Meta: payouts for creators, not a payment network
Meta Platforms has experimented with crypto-based payouts for creators in certain programs.
The logic is straightforward: global creator ecosystems require frequent, small-value payouts across many countries. Traditional banking rails are slow and expensive for that pattern.
Stablecoins can simplify the payout step — but only until money leaves Meta’s ecosystem. Once funds are off-platform, they immediately enter local banking systems or exchanges. Meta does not operate a standalone payment network here; it is simply optimizing one leg of the payout process.
MoneyGram and Stellar: remittances that work only in corridors
MoneyGram uses stablecoin infrastructure through partnerships with Stellar (XLM) and USD Coin (USDC).
The idea is simple: cash is deposited locally, converted into USDC, transferred digitally, and then converted back into local currency on the receiving side.
It works — but only in supported corridors. Not every MoneyGram route is covered, and availability depends heavily on local regulatory conditions and agent network coverage.
The result is not a global remittance layer, but a faster alternative on specific routes where infrastructure is already aligned.
BlackRock: tokenized funds, not payments
BlackRock launched BUIDL, a tokenized money market fund designed for institutional investors.
Despite its blockchain structure, it is not a payment instrument. It is used as a yield-bearing cash management product and can appear in collateral or liquidity contexts within certain on-chain environments.
Access is restricted to qualified institutional participants, and usage remains tightly controlled. It is closer to a digital version of traditional money market infrastructure than anything resembling a payment rail.
What actually emerges from all of this
Across Stripe, PayPal, Visa, JPMorgan, MoneyGram, and BlackRock, one pattern repeats.
Stablecoins are not replacing payment systems.
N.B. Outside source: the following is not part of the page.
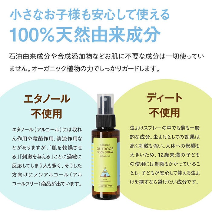 ベビーブーバは「安全で安心して使える赤ちゃんのためのスキンケアを」という想いから生まれた日本で企画から製造まで行うオーガニックベビースキンケア商品です。植物本来の恵みを十分に活かすために、自然のサイクルに沿う有機農法で育てられた世界各地の植物を丁寧に選び抜き、天然由来成分99%以上配合、肌触りの良さを保つために品質の高いコスメグレードの原料を採用しています。

They are being inserted into specific friction points:
- payouts instead of bank transfers
- internal wallet balances instead of ledger entries
- settlement experiments instead of full card processing
- remittance corridors instead of global coverage
- tokenized funds instead of cash equivalents
Each implementation works, but only inside its boundary. Outside that boundary, traditional banking and card systems remain the default infrastructure for global money movement.
The “stablecoin payment layer” is not a unified system. It is a collection of partial upgrades — each one solving a very specific operational bottleneck, and none of them yet replacing the structure underneath.